Вряд ли это сообщение будет особенно радостным. Густой бас Кленка звучал спокойно, но Флаухер ясно различал в словах коллеги намерение уязвить его. Кленк неторопливо встал, вытянулся во весь свой огромный рост. Флаухер продолжал сидеть, склонившись над последними ломтиками редьки. Но Кленк сделал приветливый, благодушный жест, и Флаухер против своей волн тоже встал. У буфета стояла кельнерша Ценци и глядела на него. Ее проворная помощница Рези, не переставая болтать с одним из посетителей и не забывая в то же время переменить тарелку на другом столике, также поглядела вслед обеим мужчинам, дружно направлявшимся в уборную. Флаухер шел с тем мрачным чувством, которое он испытывал будучи студентом, когда его вызывали на дуэль.

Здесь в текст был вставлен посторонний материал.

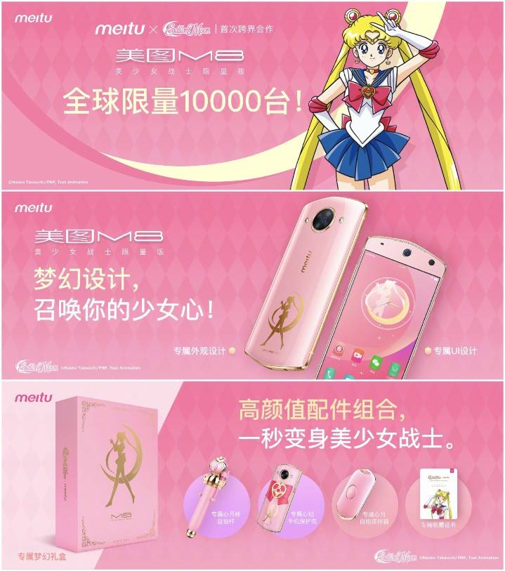 И в тот же день китайская компания «Meitu», специализирующаяся на выпуске смартфонов для селфи (главным в них является фронтальная камера и то, какие селфи она способна делать), анонсировала новую модель смартфона в линейке «М» – М8 в 2 специальных версиях: Hello Kitty и Sailor Moon. Характеристики смартфона выглядят следующим образом: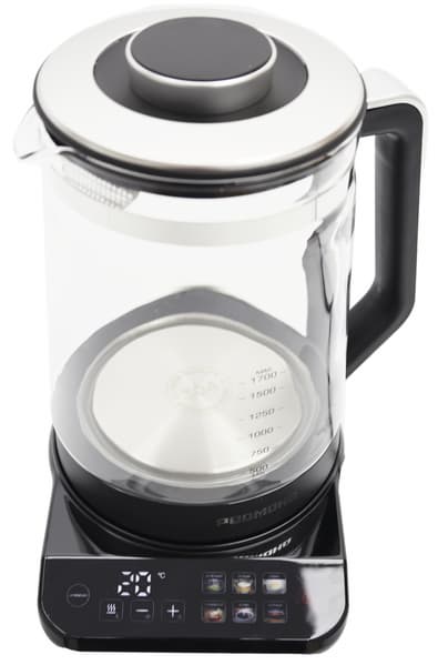 Для кипячения достаточно нажать на соответствующую кнопку слева от дисплея. По достижении температуры кипения (100 °C) чайник подаст звуковой сигнал и автоматически отключит нагрев. На дисплее на несколько секунд появится надпись End. Можно запустить кипячение с подогревом. Для этого после нажатия на кнопку «кипячение» следует нажать кнопку поддержания температуры и задать необходимые параметры.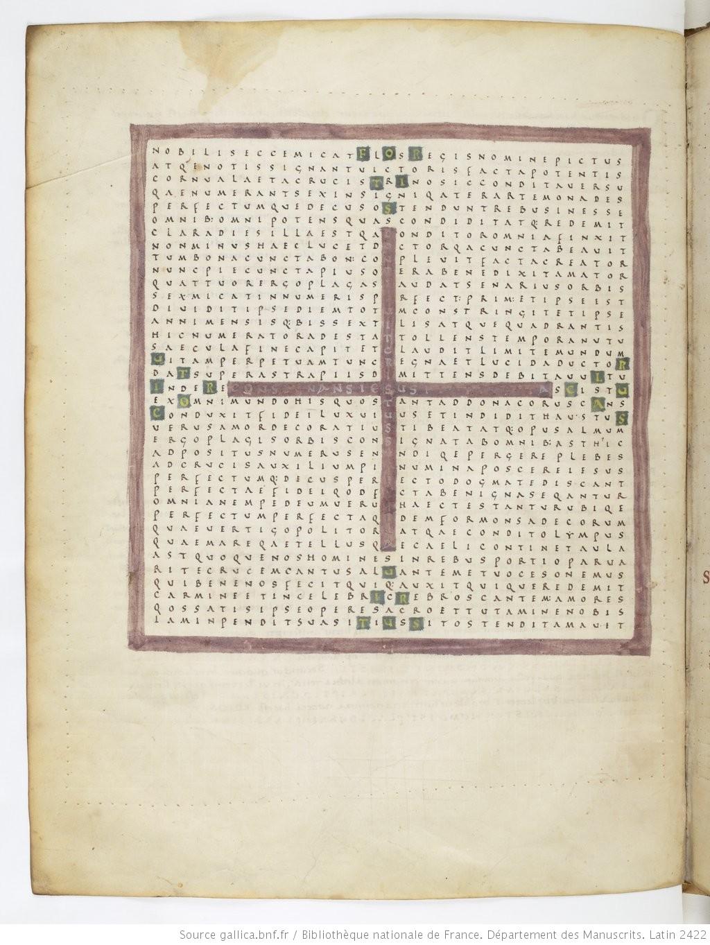 - Raban Maur, Louanges à la sainte croix, Croix, symbole de la passion et de la résurrection, Paris, BnF. Latin 2422, f. 24v
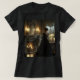 Von der "Cassandra Thinking" Range Black-T-Shirt, Dame in gotischer Umgebung bei Dämmerung, durch einen Kamin Kerzen beleuchtet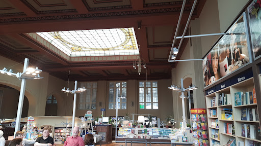 Read moreDerzeit kann man nur den Zeitschriftenteil dieses wunderbaren Raumes betreten, der Rest ist durch ein rot -weiĂes Band abgesperrt. Dennoch lohnt sich ein Besuch, denn die AtmosphĂ€re ist Ă€uĂerst angenehm durch diese besondere RĂ€umlichkeit... Leise Musik im Hintergrund fĂŒhrt zu noch gröĂerer Entspannung und es bietet einfach Freude, bei dieser enormen Vielfalt, derzeit eben nur an Zeitschriften jedweder Art ,zu stöbern. Ein Besuch ist wirklich ein Genuss und lohnt sich definitiv. Vermutlich gibt es niemanden, der nicht irgendetwas fĂŒr sich findet, meistens dann aber gleich mit mehreren "Funden" den Raum wieder verlĂ€sst. Dass das Personal Ă€uĂerst zuvorkommend ist, versteht sich von selbst. Wenn es wieder möglich ist, kann dieselbe Aussage auch fĂŒr den BĂŒcherteil getroffen werden - sehr ĂŒbersichtlich angeordnet , eine groĂe Vielfalt zu jedem Thema, HörbĂŒcher eingeschlossen-und wer in der Buchhandlung ein bisschen lĂ€nger verweilen möchte, kann eine kleine, breite Treppe nach oben zu einer etwas höher gelegene Plattform ĂŒberwinden und dort an einem der kleinen Tische in einem Sessel Platz nehmen und sich mit einem StĂŒckchen Kuchen und einem GetrĂ€nk den Besuch dieser Ludwig Buchhandlung noch ein bisschen mehr versĂŒĂen. Dabei kann er wunderbar den Raum ĂŒberblicken und die AtmosphĂ€re auf sich...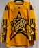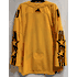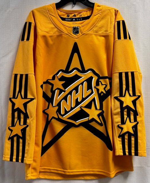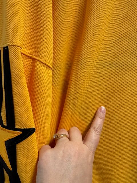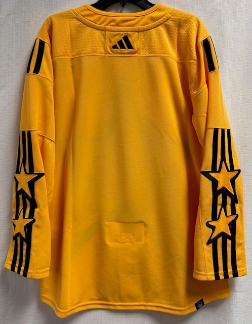 This is an adidas 2022 All Star Primegreen mens yellow jersey, size 50/Medium. This jersey has sewn on embroidered front and sleeve logos, a tie down strap on the inside back, and is made of recycled polyester. There is a small light spot on the mid-back of the jersey (see inset photo). Other than that, this jersey is in good condition and has tags.

В выложенной фаянсовыми плитками уборной Кленк рассказал Флаухеру о беседе своего референта с вождем крестьянской партии Бихлером. Нет, Бихлер не сочувствовал тактике министра Флаухера в вопросе о процессе Крюгера. "Осел", - сказал, как сообщают из достоверных источников, Бихлер. Так вот прямо, без обиняков, и сказал: "Осел". Нужно признаться, что и он, Кленк, ни в коей мере не разделяет взглядов уважаемого коллеги в этом вопросе. Но "осел" - это, конечно, чересчур сильное выражение. Все это Кленк выкладывал, нисколько не стараясь умерить свой громовой бас. Он так орал, что, конечно, его было слышно и за стенами уборной.
Мрачный, сутулясь еще больше обычного, вышел министр просвещения Флаухер, бок о бок с весело болтавшим Кленком, из облицованного фаянсовыми плитками помещения. Он так и знал: ему не дадут насладиться победой. Нечего было и думать противиться ясно выраженной воле агрария Бихлера, фактического правителя Баварии. Приходилось отойти в сторону, отказаться от триумфа. Оплевано было для него теперь все, весь процесс. Молча сидел он, склонившись над остатками редьки, оттолкнув ногой повизгивавшую таксу, с мрачной злобой прислушиваясь к все новым раскатам смеха, вызываемого веселыми шутками Кленка.
Понурый и ворчливый вернулся в этот вечер министр Флаухер в свою квартиру, которую несколько часов назад, предвкушая процесс Крюгера, он покинул в таком приподнятом настроении. Усталая, боязливая, сочувствуя горю хозяина, такса скользнула в свой уголок.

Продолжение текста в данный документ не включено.